### EXERCISE DIRECTIONS
A copy of the listing below is needed, exact in every line and without images.

### RECORDED INFORMATION
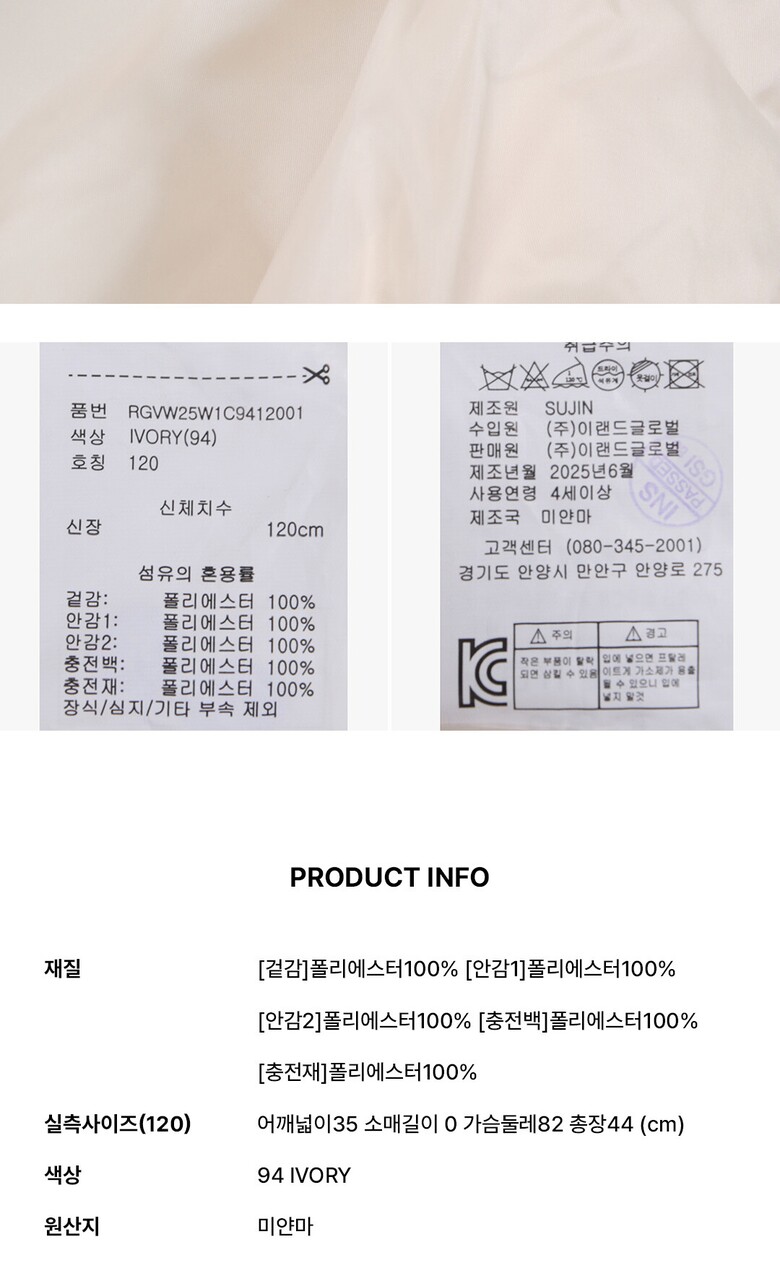 1. 제품 소재 (섬유의 조성 또는 혼용률을 백분율로 표시, 기능성인 경우 성적서 또는 허가서) 상품상세참조
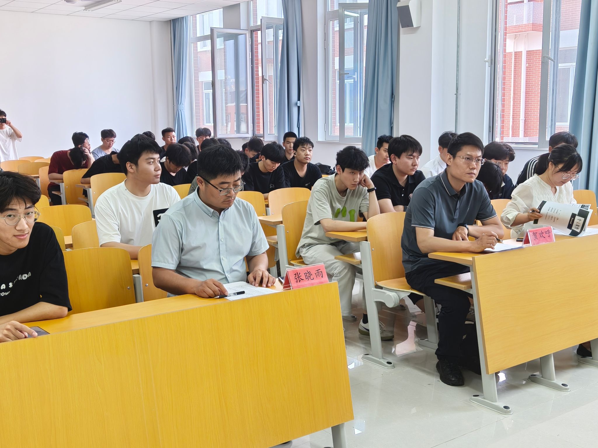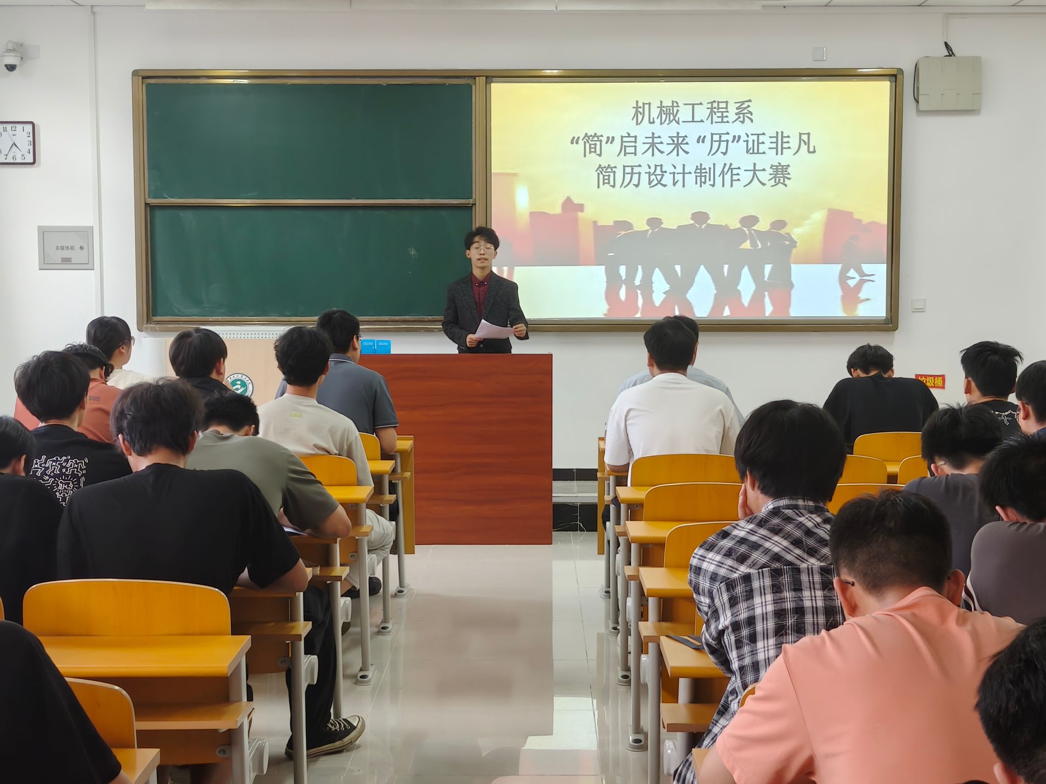2025年5月16日2C404教室座无虚席,一场别开生面的简历设计制作大赛在此火热展开。这场以提升学生就业竞争力为核心的赛事,吸引了全系师生的关注。系团委书记贺欢呼老师、就业负责人张晓雨老师、毕业班辅导员安丽媛老师组成评委团,与14名从班级初赛脱颖而出的选手共同开启了一场关于职业竞争力的探索之旅。
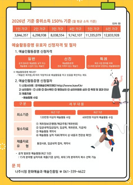 | 신청 대상 | 나주 1년 이상 거주 예술인, 중위소득 150% 이하 |
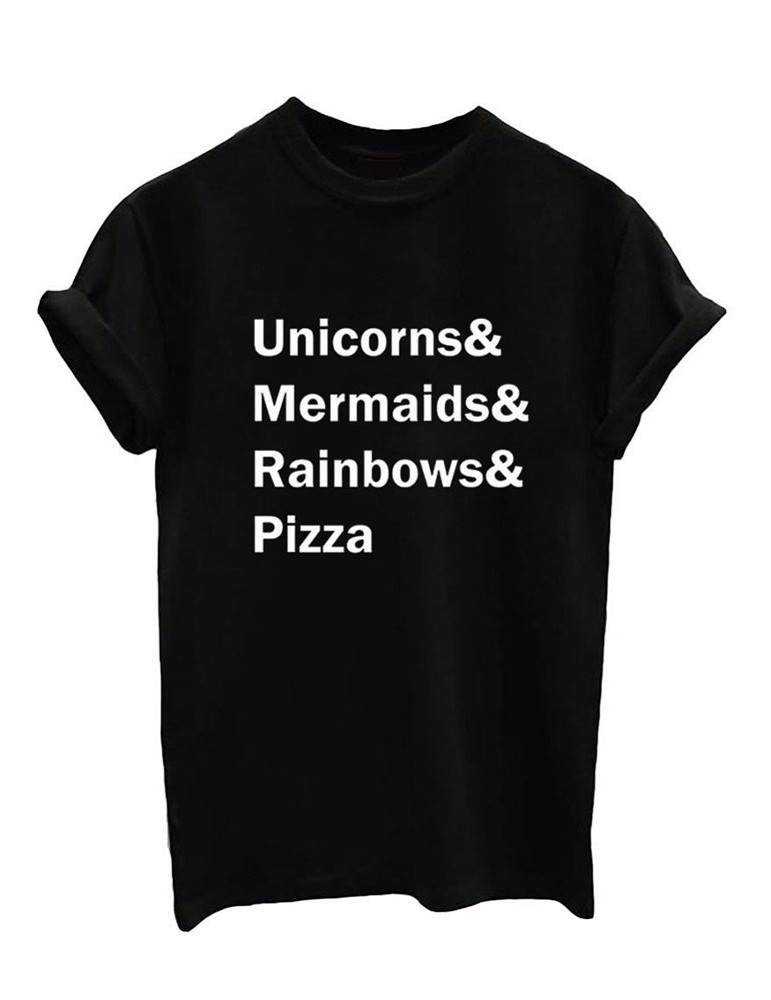 Letters Printed Solid Color Short Sleeve T-shirts
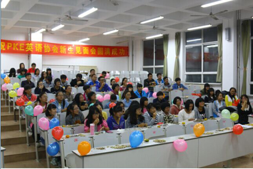 PKE英语协会在JA103举行了新生见面会。王润琦、赵绪建担任主持人,该协会会长周颖,副会长王润琦及各部部长参加了本次见面会。
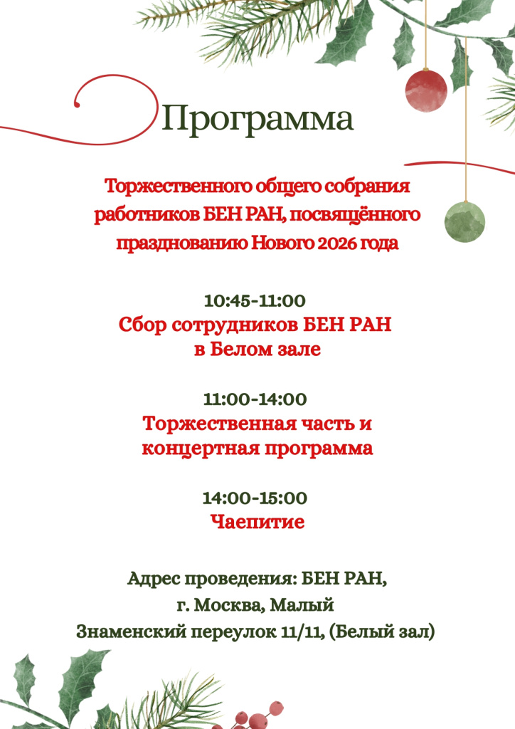 Приглашаем Вас принять участие в торжественном собрании коллектива БЕН РАН 24 декабря 2025 года в 11.00 в Белом зале главного здания БЕН РАН!

### RESPONSE BOX
 1. 제품 소재 (섬유의 조성 또는 혼용률을 백분율로 표시, 기능성인 경우 성적서 또는 허가서) 상품상세참조
2025年5月16日2C404教室座无虚席,一场别开生面的简历设计制作大赛在此火热展开。这场以提升学生就业竞争力为核心的赛事,吸引了全系师生的关注。系团委书记贺欢呼老师、就业负责人张晓雨老师、毕业班辅导员安丽媛老师组成评委团,与14名从班级初赛脱颖而出的选手共同开启了一场关于职业竞争力的探索之旅。
 | 신청 대상 | 나주 1년 이상 거주 예술인, 중위소득 150% 이하 |
 Letters Printed Solid Color Short Sleeve T-shirts
 PKE英语协会在JA103举行了新生见面会。王润琦、赵绪建担任主持人,该协会会长周颖,副会长王润琦及各部部长参加了本次见面会。
 Приглашаем Вас принять участие в торжественном собрании коллектива БЕН РАН 24 декабря 2025 года в 11.00 в Белом зале главного здания БЕН РАН!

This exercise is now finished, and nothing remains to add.